Loewner interpolation on frequency data from a continuous LTI model yields a discrete model after stable subspace projection that can exceed the original order for better accuracy.

A machine-rendered reading of the paper's core claim, the machinery that carries it, and where it could break.

The paper proposes an interpolation method for turning continuous-time linear time-invariant models into discrete ones. It applies the Loewner framework to selected frequency data points drawn from the continuous model and then projects the interpolated result onto a stable subspace. The discrete order can be chosen higher than the continuous order, which trades added complexity for improved fidelity. Numerical tests show the approach keeps both magnitude and phase responses closer to the original than zero-order hold or Tustin methods do. A reader would care because many control and simulation tasks require discrete equivalents that retain the essential dynamics without large errors in frequency behavior.

Core claim

An interpolation method for discretising continuous-time Linear Time Invariant (LTI) models is proposed in this paper. It consists first in using the Loewner interpolation framework on a specific set of frequency data and secondly to project the resulting model onto a stable subspace. The order of the discretised model may be chosen larger than the initial one thus allowing for trading complexity for accuracy if needed. Numerical examples highlight the efficiency of the method at preserving a satisfactory matching both in magnitude and phase in comparison to standard discretisation methods like ZOH or Tustin.

What carries the argument

Loewner interpolation framework applied to frequency data of the continuous-time model, followed by projection onto the stable subspace.

If this is right

  • The discrete model can be made to match the continuous frequency response in both magnitude and phase more closely than zero-order hold or Tustin approximations.
  • Choosing a higher discrete order than the original continuous order improves accuracy at the expense of added states.
  • The same frequency-data pipeline works for any continuous LTI model from which frequency samples can be obtained.
  • The projection step guarantees stability of the final discrete model without altering the interpolation property at the data points.
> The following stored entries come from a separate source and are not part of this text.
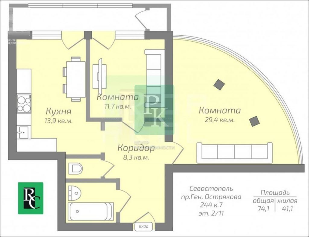 Двухкомнатная квартира! 74 м2, на 3/11 этаже дома. Расположена в г. Севастополь, Ленинский район, пр-кт Генерала Острякова, д. 244/7
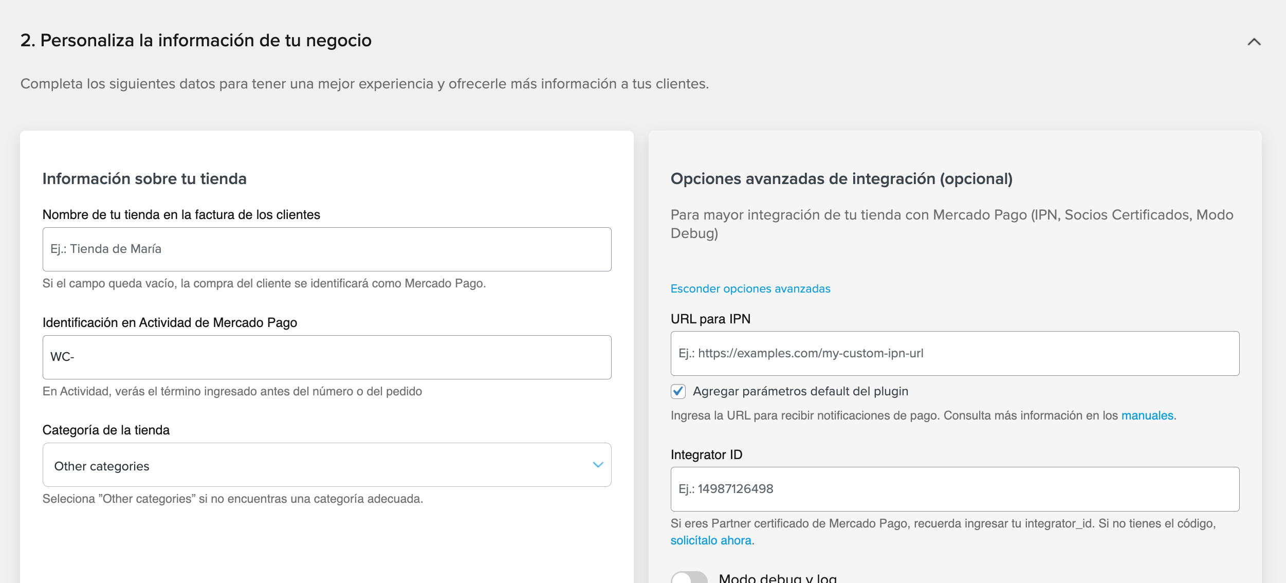 - Integrator ID: Ingresa tu ID de integrador como miembro del programa de Mercado Pago. Si aún no eres miembro, haz clic aquí para obtener más información.
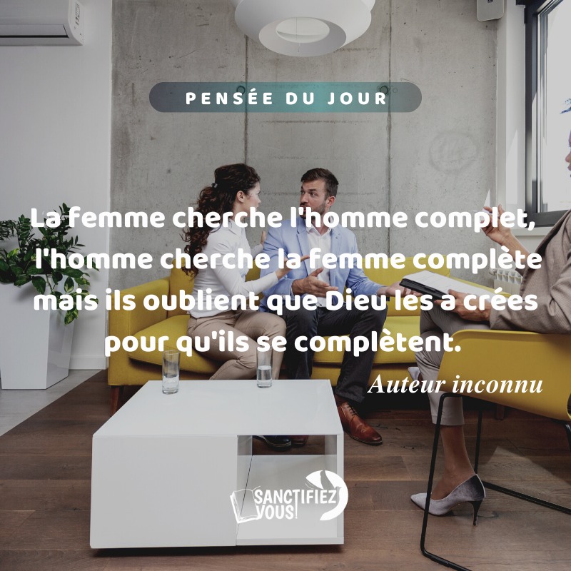 La femme cherche l’homme complet, l’homme cherche la femme complĂšte mais ils oublient que Dieu les a crĂ©es pour qu’ils se complĂštent. Auteur inconnu
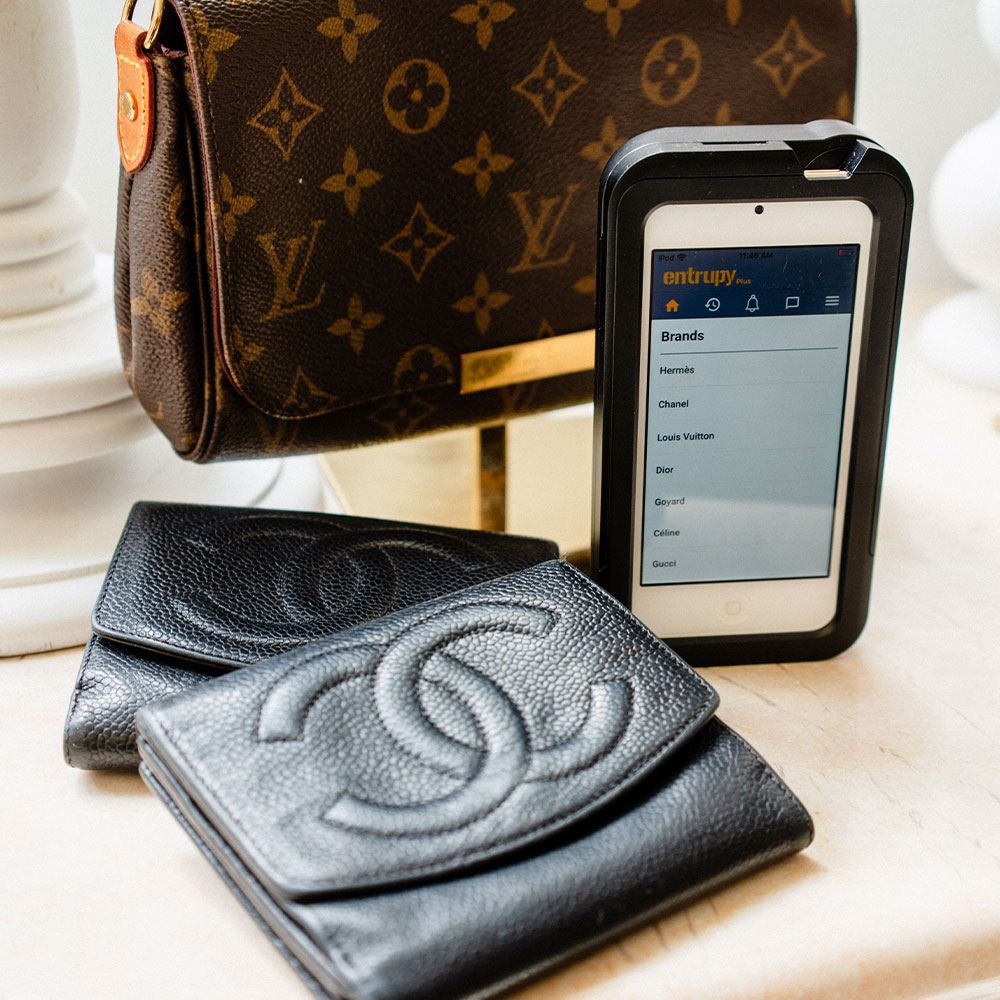 Entrupy is a third-party authentication device using AI technology to determine the authenticity of designer bags and sneakers.
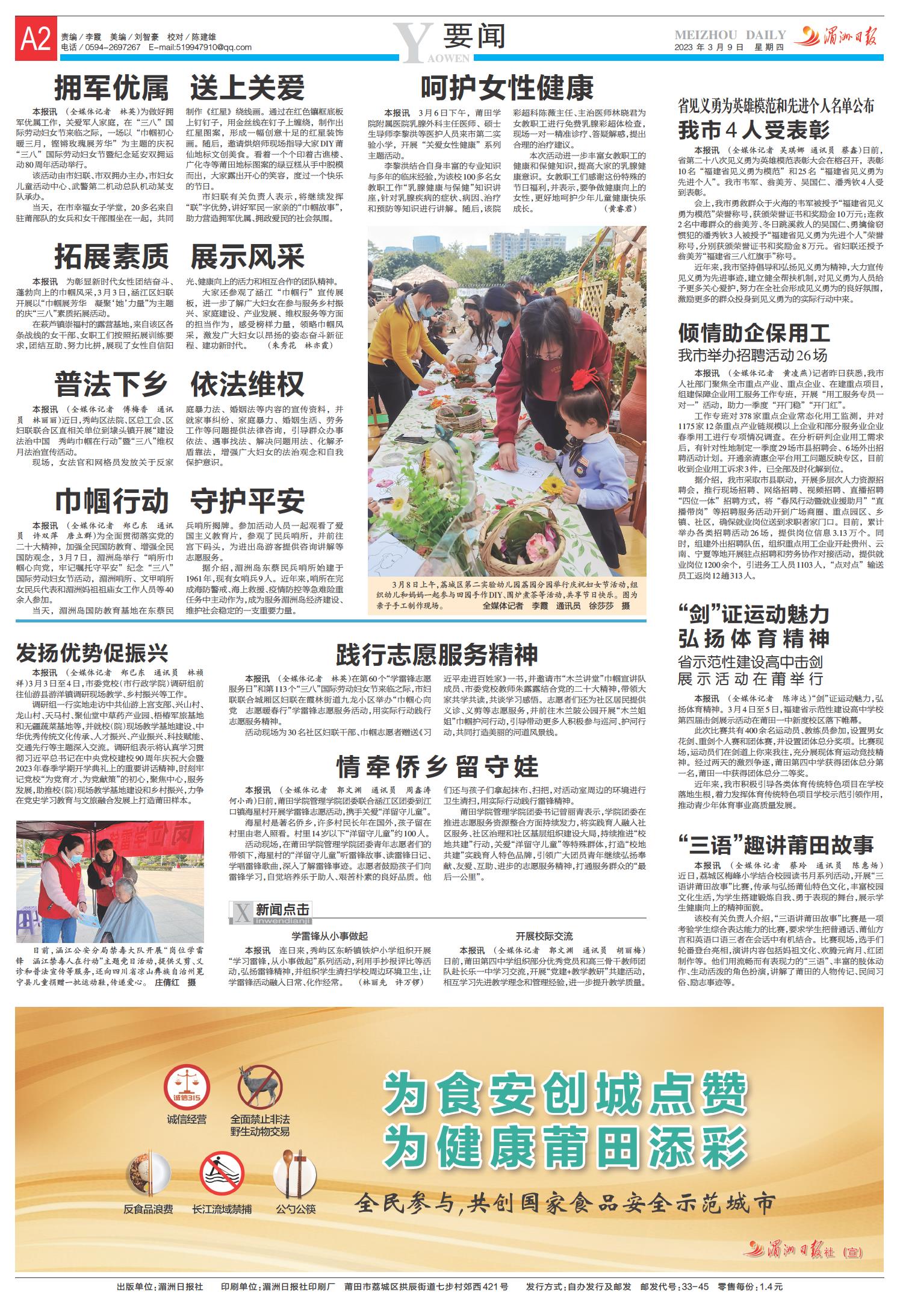 A1 要闻 A2 要闻 A3 聚焦全国两会 A4 国内国际 B1 产经 B2 涵江观察 快评 B3 公安视线 妈祖 B4 思考

Where Pith is reading between the lines

These are editorial extensions of the paper, not claims the author makes directly.

  • The method may allow direct use of measured frequency data rather than an analytic continuous model, opening a path to data-driven discretization.
  • Higher-order discrete models obtained this way could serve as starting points for model-order reduction in digital controller design.
  • Because the approach separates interpolation from stabilization, it might be combined with other projection techniques for constrained discretization problems.

Load-bearing premise

Frequency data taken from the continuous model can be fed to the Loewner framework so that the resulting model, once projected to its stable part, still reproduces the original dynamics even when the discrete order is larger than the continuous order.

What would settle it

A direct comparison showing that the frequency response of the projected discrete model deviates substantially from the continuous model at the chosen interpolation frequencies or in step-response tests.

Figures

Figures reproduced from arXiv: 1907.10956 by Charles Poussot-Vassal, Pierre Vuillemin.

Figure 1
Figure 1. Figure 1: Different paths to design a discrete control [PITH_FULL_IMAGE:figures/full_fig_p001_1.png] view at source ↗
Figure 2
Figure 2. Figure 2: Interconnection for the measurement of the [PITH_FULL_IMAGE:figures/full_fig_p003_2.png] view at source ↗
Figure 3
Figure 3. Figure 3: Relative frequency errors ˜e∞(G, Gk d ), e˜∞(G, P∞(Gk d )) versus the order k. A star marker indicates an unstable model. Still, the two errors remain close. The best stable discretised model thus appear to be P∞(G5 d ) which is of order 4. The error curves in [PITH_FULL_IMAGE:figures/full_fig_p007_3.png] view at source ↗
Figure 4
Figure 4. Figure 4: Frequency-domain responses (up to the Nyquist frequency) of the continuous-time model G and its discretised counterparts Gzoh d , Gii d and Gd [PITH_FULL_IMAGE:figures/full_fig_p007_4.png] view at source ↗
Figure 5
Figure 5. Figure 5: Impulse responses of G and its discretised counterparts Gzoh d (top), Gii d (middle) and Gd (bot￾tom). 8 [PITH_FULL_IMAGE:figures/full_fig_p008_5.png] view at source ↗
Figure 6
Figure 6. Figure 6: Time-domain error y(t) − ys(t) associated with the impulse responses of Gzoh d , Gii d and Gd. is G(s) = C  sI − A0 − A1e −τ s − A2e −(τ+γ)s −1 B. (25) The stability of this TDS varies depending on the values of the delays and has been analysed in [13]. Here, one considers τ = 1.2 and γ = 0.3 for which (23) is stable. Considering the sampling period h = 0.2s, approx￾imate discrete-time models are obtaine… view at source ↗
Figure 9
Figure 9. Figure 9: Step responses of the time-delay system (23) and its discretised counterparts Gtus d (top) and Gd (bottom). 10 [PITH_FULL_IMAGE:figures/full_fig_p010_9.png] view at source ↗
read the original abstract

An interpolation method for discretising continuous-time Linear Time Invariant (LTI) models is proposed in this paper. It consists first in using the Loewner interpolation framework on a specific set of frequency data and secondly to project the resulting model onto a stable subspace. The order of the discretised model may be chosen larger than the initial one thus allowing for trading complexity for accuracy if needed. Numerical examples highlight the efficiency of the method at preserving a satisfactory matching both in magnitude and phase in comparison to standard discretisation methods like ZOH or Tustin.

Editorial analysis

A structured set of objections, weighed in public.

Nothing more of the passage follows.